Task statement> All the lines below should appear again unchanged, though their pictures should not.

Records from a dataset
#####

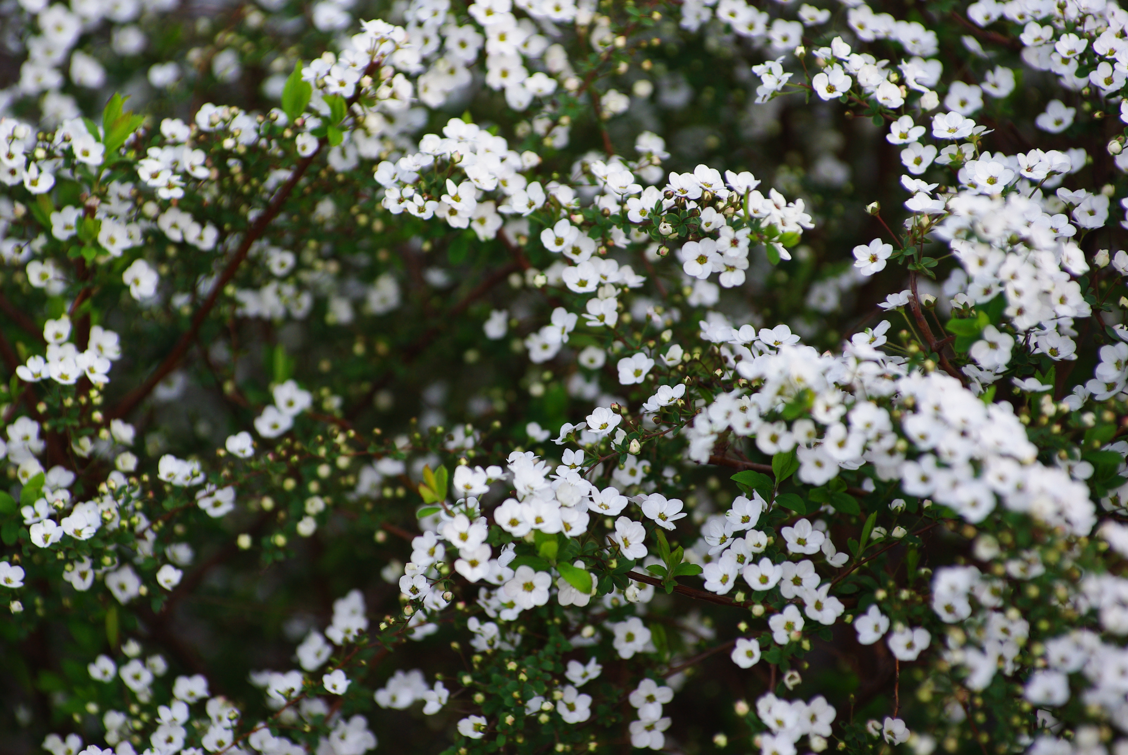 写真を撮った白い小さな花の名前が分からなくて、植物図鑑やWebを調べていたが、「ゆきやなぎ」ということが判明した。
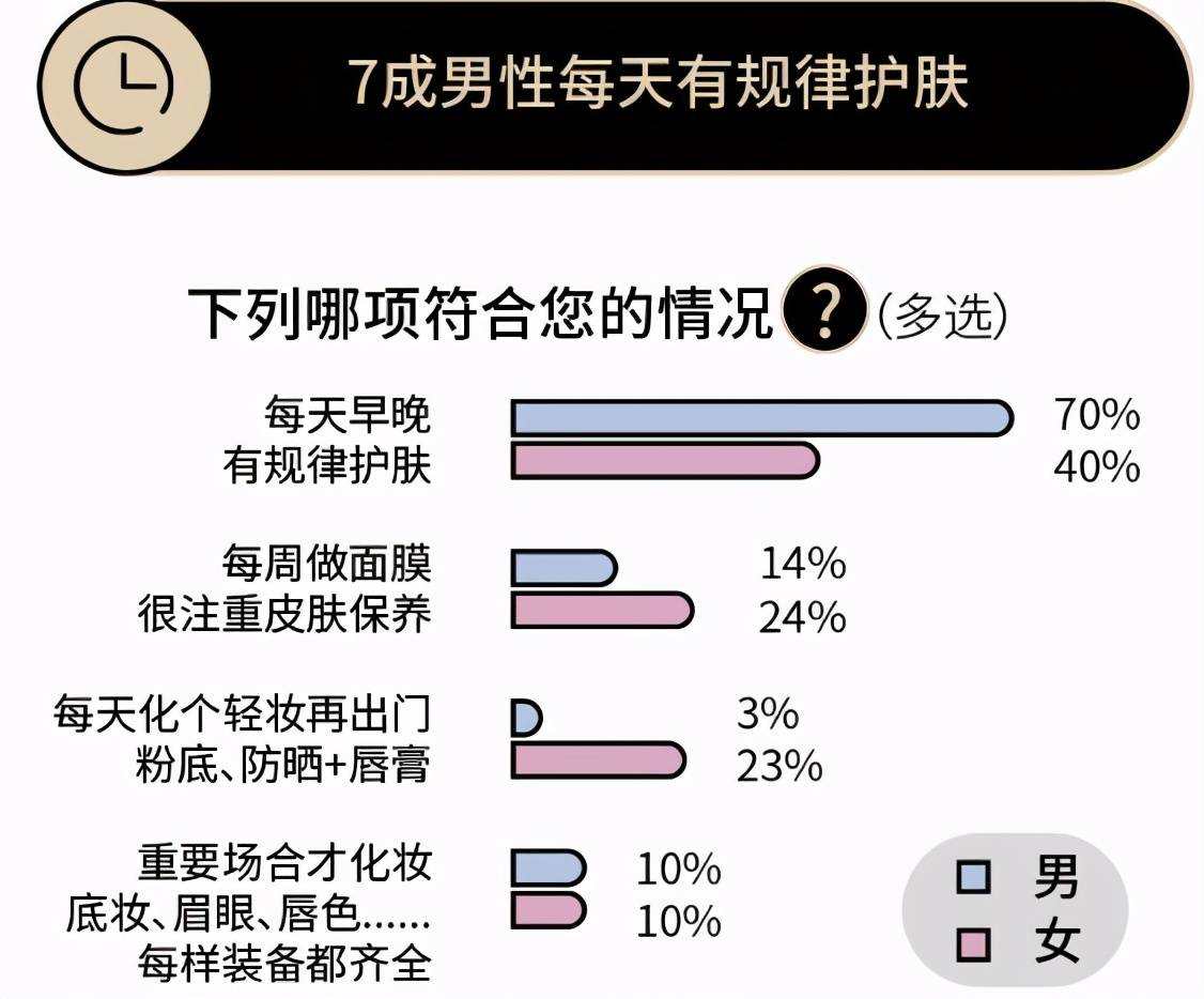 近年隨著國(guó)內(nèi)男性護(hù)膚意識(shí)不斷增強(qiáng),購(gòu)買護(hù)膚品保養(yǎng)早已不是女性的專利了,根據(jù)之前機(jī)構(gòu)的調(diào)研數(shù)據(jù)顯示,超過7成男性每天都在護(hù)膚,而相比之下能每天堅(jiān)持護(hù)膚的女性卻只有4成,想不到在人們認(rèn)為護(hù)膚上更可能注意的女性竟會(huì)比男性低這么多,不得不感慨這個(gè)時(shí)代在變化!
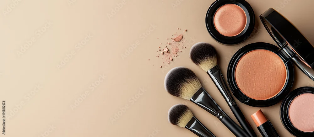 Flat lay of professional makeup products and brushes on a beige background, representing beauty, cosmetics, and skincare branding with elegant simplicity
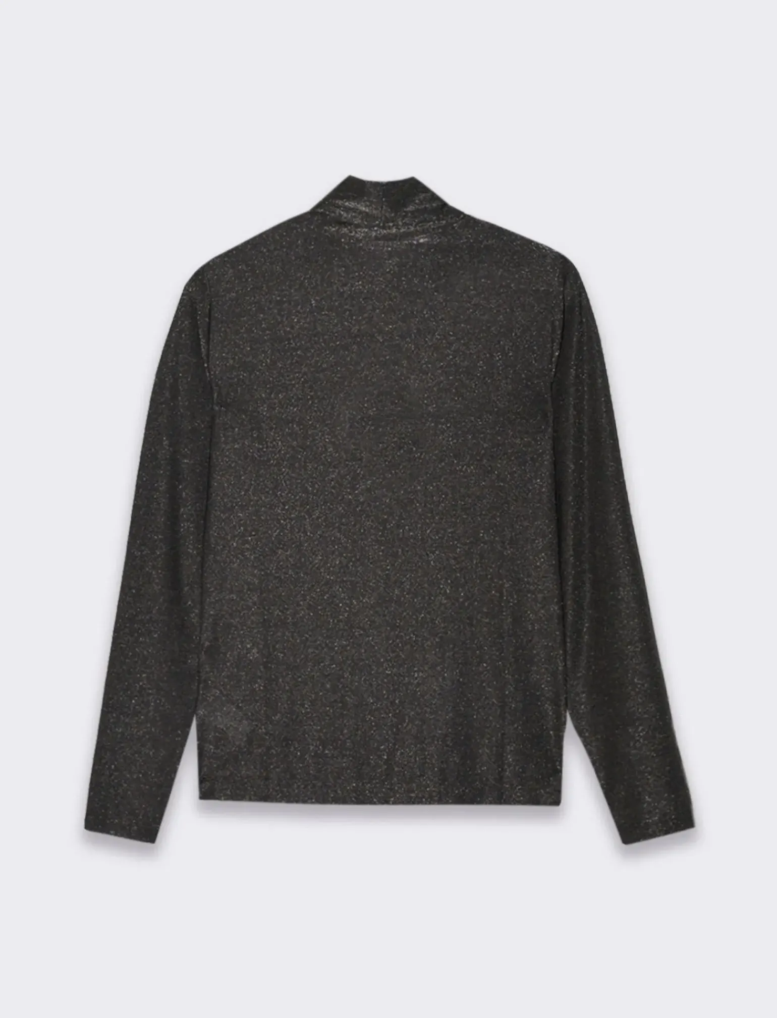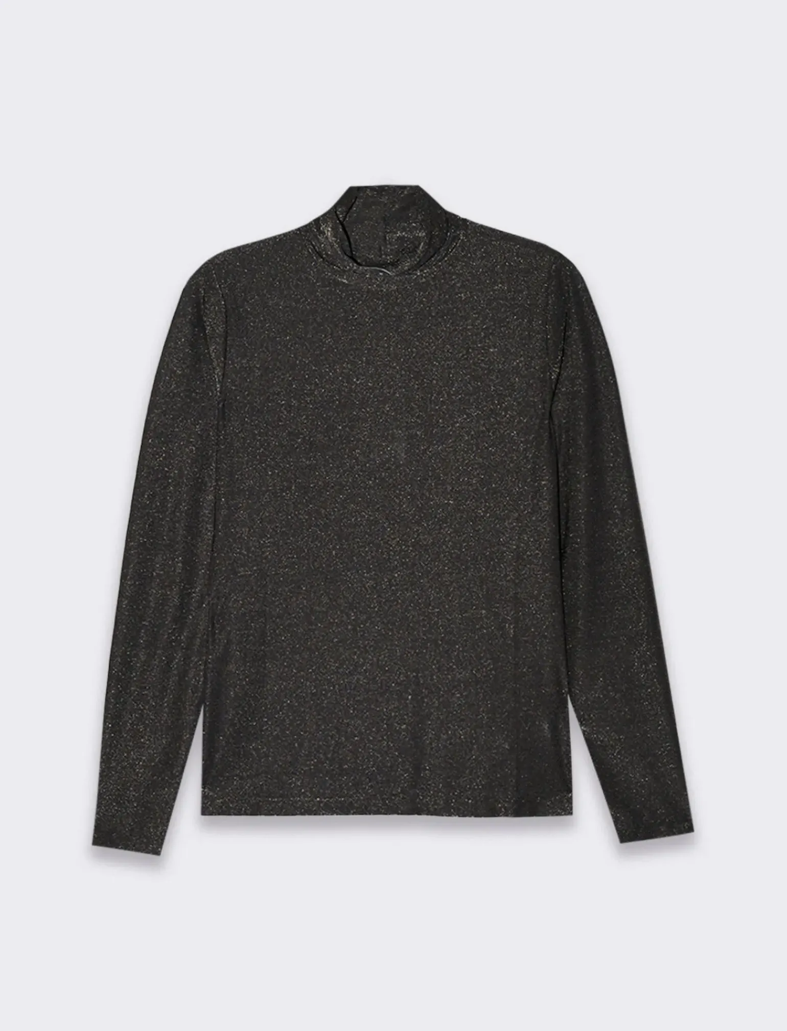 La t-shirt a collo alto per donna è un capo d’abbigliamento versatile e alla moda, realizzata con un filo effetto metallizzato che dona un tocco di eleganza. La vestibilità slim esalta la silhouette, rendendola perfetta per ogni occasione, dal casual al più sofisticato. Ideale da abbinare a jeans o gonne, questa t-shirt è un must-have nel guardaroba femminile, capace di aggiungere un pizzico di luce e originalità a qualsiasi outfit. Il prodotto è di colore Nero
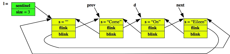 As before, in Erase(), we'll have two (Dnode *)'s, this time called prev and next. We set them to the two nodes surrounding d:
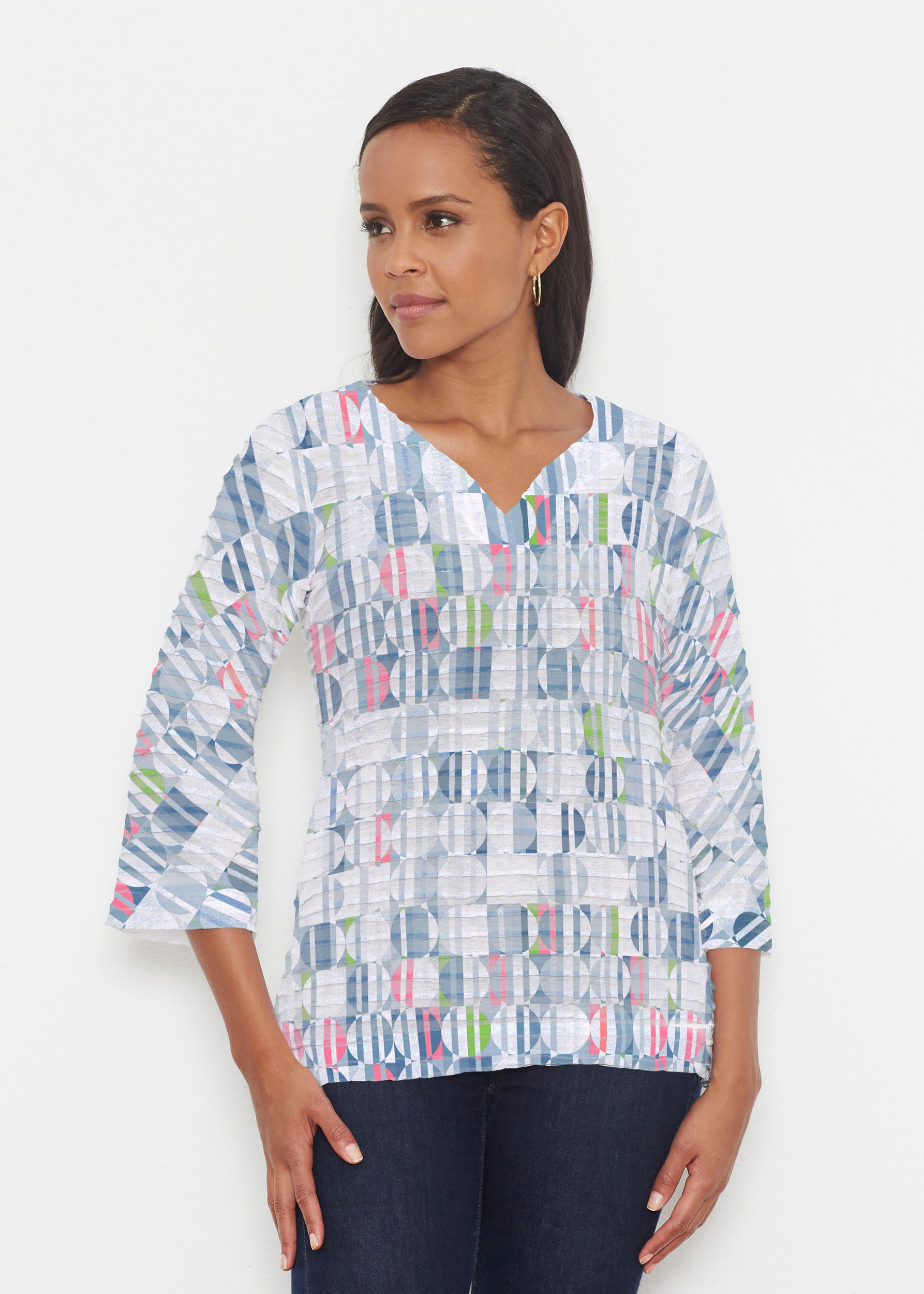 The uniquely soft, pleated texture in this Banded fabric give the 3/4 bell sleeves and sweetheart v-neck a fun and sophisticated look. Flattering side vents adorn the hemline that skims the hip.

#####

Written solution>
 写真を撮った白い小さな花の名前が分からなくて、植物図鑑やWebを調べていたが、「ゆきやなぎ」ということが判明した。
 近年隨著國(guó)內(nèi)男性護(hù)膚意識(shí)不斷增強(qiáng),購(gòu)買護(hù)膚品保養(yǎng)早已不是女性的專利了,根據(jù)之前機(jī)構(gòu)的調(diào)研數(shù)據(jù)顯示,超過7成男性每天都在護(hù)膚,而相比之下能每天堅(jiān)持護(hù)膚的女性卻只有4成,想不到在人們認(rèn)為護(hù)膚上更可能注意的女性竟會(huì)比男性低這么多,不得不感慨這個(gè)時(shí)代在變化!
 Flat lay of professional makeup products and brushes on a beige background, representing beauty, cosmetics, and skincare branding with elegant simplicity
 La t-shirt a collo alto per donna è un capo d’abbigliamento versatile e alla moda, realizzata con un filo effetto metallizzato che dona un tocco di eleganza. La vestibilità slim esalta la silhouette, rendendola perfetta per ogni occasione, dal casual al più sofisticato. Ideale da abbinare a jeans o gonne, questa t-shirt è un must-have nel guardaroba femminile, capace di aggiungere un pizzico di luce e originalità a qualsiasi outfit. Il prodotto è di colore Nero
 As before, in Erase(), we'll have two (Dnode *)'s, this time called prev and next. We set them to the two nodes surrounding d:
 The uniquely soft, pleated texture in this Banded fabric give the 3/4 bell sleeves and sweetheart v-neck a fun and sophisticated look. Flattering side vents adorn the hemline that skims the hip.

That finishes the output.